Write out again, unchanged, the line that has "Las personas casadas" and each following line through the end of the entries below; leave pictures out.

### Given information

[Start of Attachment]

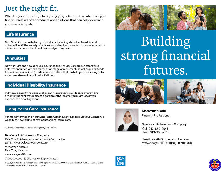 As a mutual life insurance company with no obligations to stockholders, New York Life’s singular focus is on its policyholders — and that philosophy shines through in the way Mosammat approaches every client relationship. Whether you are just starting a family, planning for retirement, or protecting a business you’ve built, Mosammat is ready to help you find just the right fit. Reach her by cell at 913-850-0944, by text at 913-365-2315, by email at mrsathi@ft.newyorklife.com, or visit her online at https://newyorklife.com/agent/mrsathi
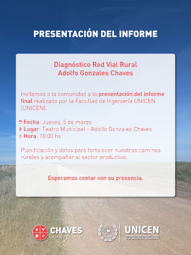 En el Teatro Municipal se llevó a cabo la presentación del diagnóstico de la Red Vial Rural del distrito, elaborado por la Facultad de Ingeniería de la UNICEN, con la participación de la intendenta municipal, funcionarios de gobierno, concejales, productores, integrantes de ASOPROCHA y público en general.
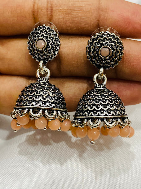 Marvelous Oxidized Silver Plated Jhumka Earrings With Beads
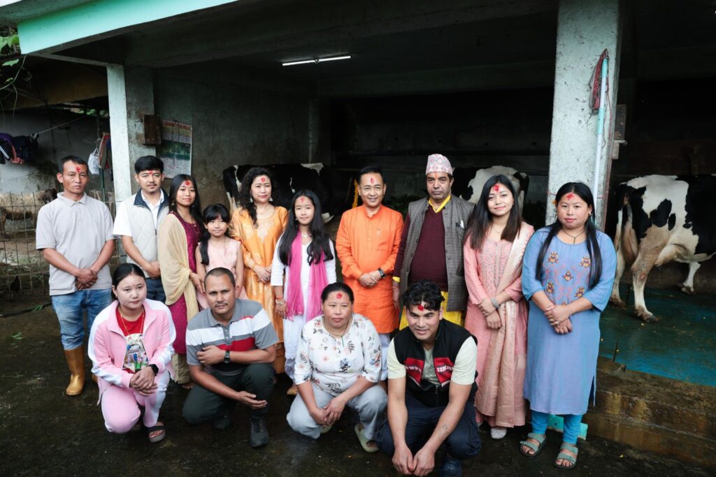गान्तोक: परम्परा र विश्वासको भावपूर्ण उत्सवमा मुख्यमन्त्री प्रेमसिंह तामाङ र उनका परिवारले लक्ष्मी पूजाको पावन अवसर श्रद्धाका साथ पुराना रीतिरिवाजहरूलाई सम्मानपूर्वक मनाए। पुर्खाहरूले पालन गर्दै आएका परम्पराहरूलाई आत्मसात गर्दै पवित्रता र समृद्धिको प्रतीक गौमाताको पूजा गरे।
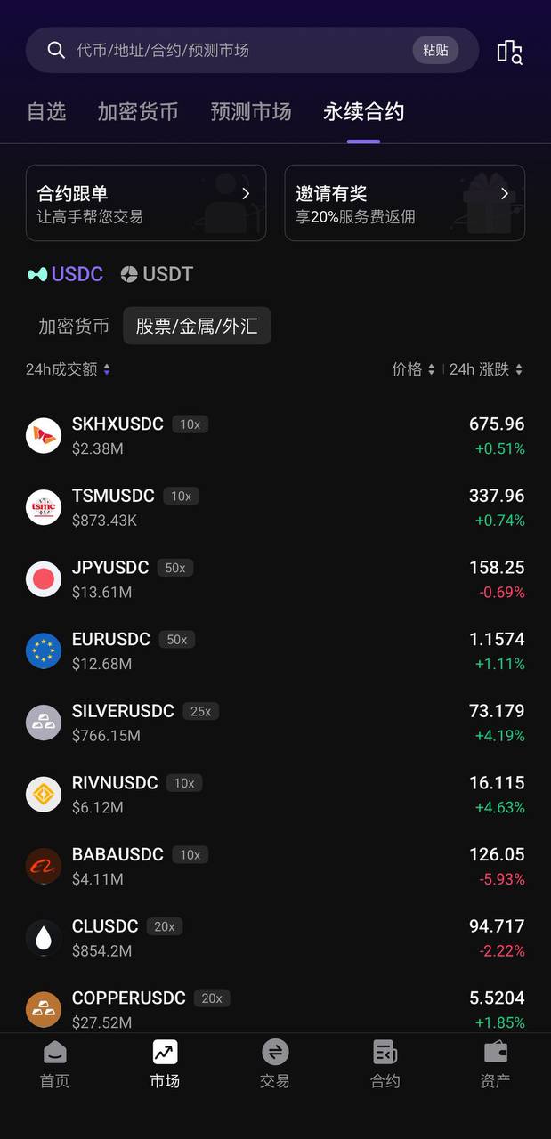 Wallet V 聚合 xStocks、aster&hyperliquid、polymarket——不用开户、不用 KYC,在手机上直接买美股、做合约、玩预测市场
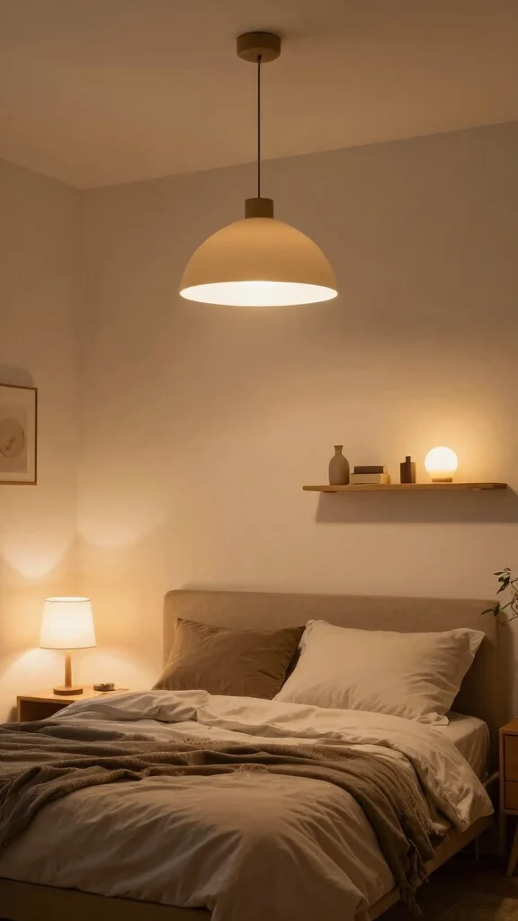 Consider a statement pendant light as the main source, complemented by bedside lamps for reading and accent lighting to highlight decor. Additionally, incorporating dimmers allows you to control brightness throughout the day.
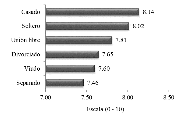 Las personas casadas son las que expresan mayor promedio de satisfacción con su vida, 8.14, seguidas de los solteros que también presentan un alto promedio, 8.02. En tanto, los que se encuentran separados tienen los menores promedios de bienestar subjetivo, 7.46 (véase gráfica 6).
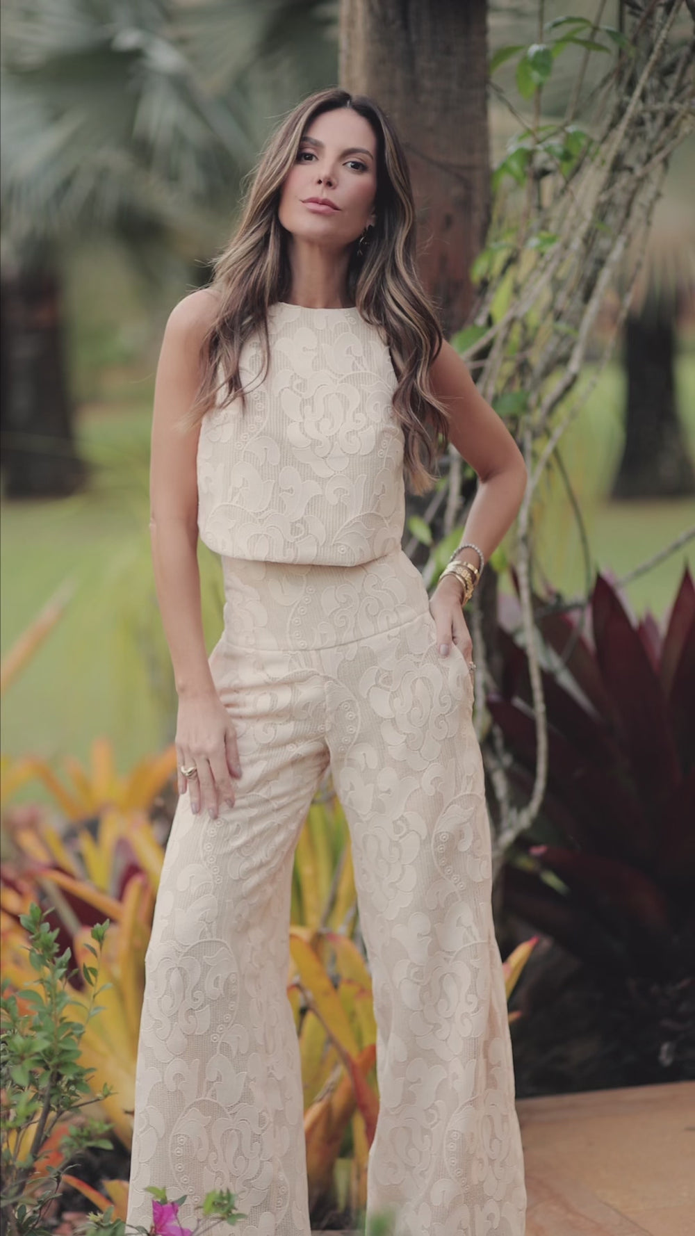 Conjunto cropped e calça renda, na cor bege. Cropped, gola U, sem manga, fechamento em zíper.Calça cós alto com pala, pantalona, bolsos laterais.

[End of Attachment]

### The answer
 Las personas casadas son las que expresan mayor promedio de satisfacción con su vida, 8.14, seguidas de los solteros que también presentan un alto promedio, 8.02. En tanto, los que se encuentran separados tienen los menores promedios de bienestar subjetivo, 7.46 (véase gráfica 6).
 Conjunto cropped e calça renda, na cor bege. Cropped, gola U, sem manga, fechamento em zíper.Calça cós alto com pala, pantalona, bolsos laterais.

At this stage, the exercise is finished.